Dieser kam pünktlich an und erwies sich sofort als freundlich. Zu Beginn stellte er mich vor die Wahl, ob er mich anleiten soll, oder ob er den Rechner baut und ich zusehe und Fragen stelle. 
Ich war zwar an vielen Stellen zu zimperlich, aber drebbin hat mir viele Kniffe und interessante Sachen gezeigt! Ich konnte gut nachvollziehen, was er (oder ich) tat, was wohl auch daran liegt,
dass die Bastelei wirklich drebbins Leidenschaft ist. 
Und ja drebbin, ich habe nicht vergessen, dass wir übereingekommen sind, dass keiner gesehen hat, das dir ein kleines Kabel beim Ziehen entfleucht ist. Deswegen erwähne ich das hier auch nicht 
(wobei ich noch immer vermute, dass ich das war  )

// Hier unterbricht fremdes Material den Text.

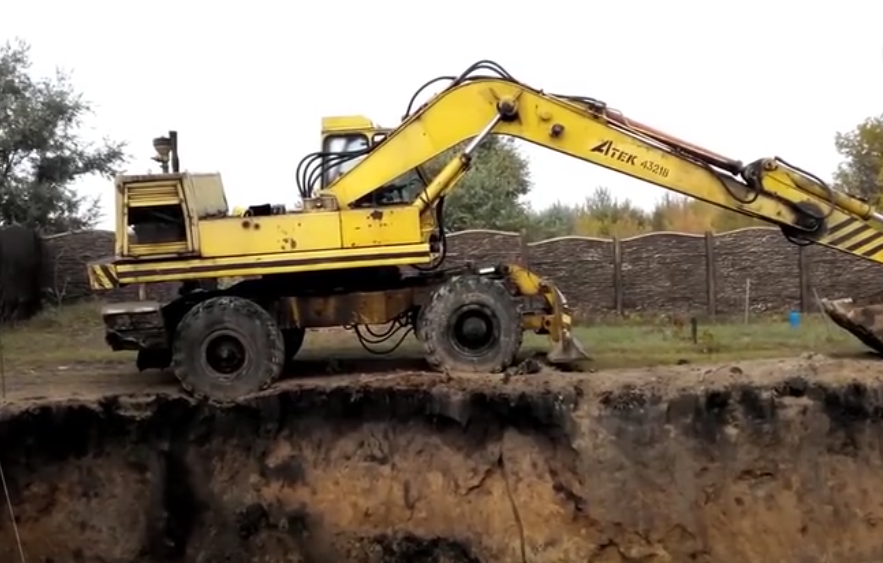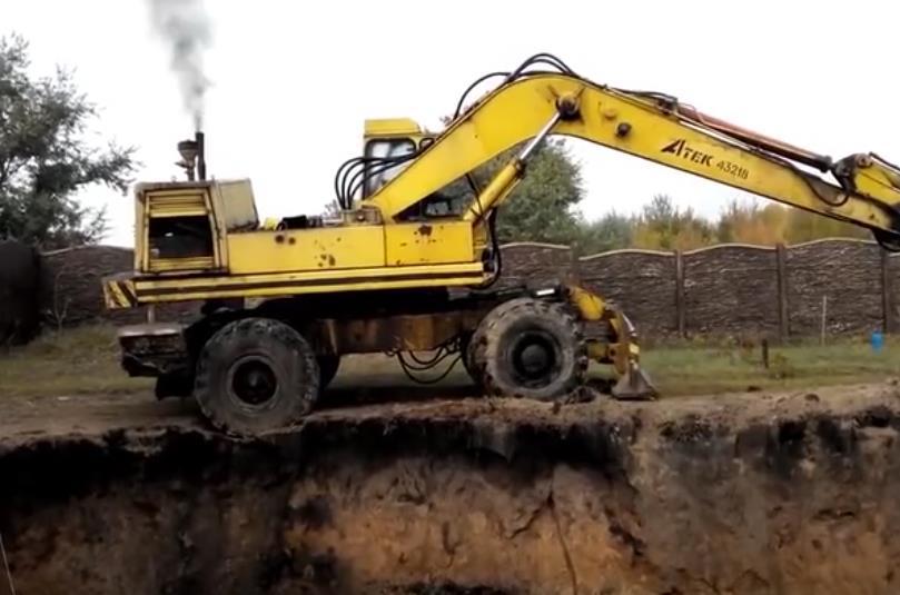悲剧的挖掘机,发现不对劲,想走却走不动,眼睁睁的看着掉入深坑

Verkabelt ist der Rechner übrigens perfekt! Sehr gut durchdacht für optimale Kühlleistung. Ein Kumpel hat das gleiche Case und quasi gleiche Bauteile. Wenn ich da so hineinsehe und vergleiche,
weiß ich, dass drebbin die weitaus bessere Wahl war. 

Das sind in etwa meine Eindrücke vom gemeinsamen Rechnerbau. Hat mir viel Spaß gemacht, habe viel gelernt und würde ihn jederzeit wieder einladen!


----------



## Minossos (6. Dezember 2015)

*AW: Die PCGH-Bastler - Feedback und Erfahrungen der Schützlinge*

So, ich möchte mich hier auch noch melden und meine Erfahrungen kund tun.

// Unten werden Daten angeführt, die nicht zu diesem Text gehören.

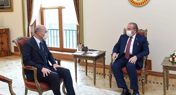Soylu, öğle saatlerinde TBMM'ye gelerek Şentop’u makamında ziyaret etti. Önceden basına haber verilmeyen ziyaret yaklaşık 1.5 saat sürdü.

Die Reise begann vor ca. 2 Monaten mit dem Wunsch einen neuen Pc zusammenzustellen, da der Alte doch sehr in die Jahre gekommen war.
Nachdem ich hier gut beraten wurde und auch einiges an Erfahrung und Meinungen aus anderen threads hier rauslesen konnte standen die Komponenten fest und es wurde bestellt.
Leider war ich einer der Unglücklichen die länger auf ihren 6700k warten mussten was sich zum Ende hin noch alles zum Guten wendete.

Also, Hilfe musste her und ich stolperte über ebastler einer der wenigen Willigen im Raum Innsbruck die sich verlorener Seelen annehmen und sie ins Licht führen.
Der Kontakt stellte sich äußert angenehm und sympatisch heraus, die Antworten kamen prompt, letzte Deteils wurden erklärt und eventuelle Verbesserungen disskutiert. 
Dann kam nach einer gefühlter Ewigkeit der Tag des Zusammenbaus.  Auch hier keinerlei Probleme einen Termin zu finden, ebastler kam sehr freundlich entgegen und man konnte sich schnell auf einen Tag einigen der für beide passte.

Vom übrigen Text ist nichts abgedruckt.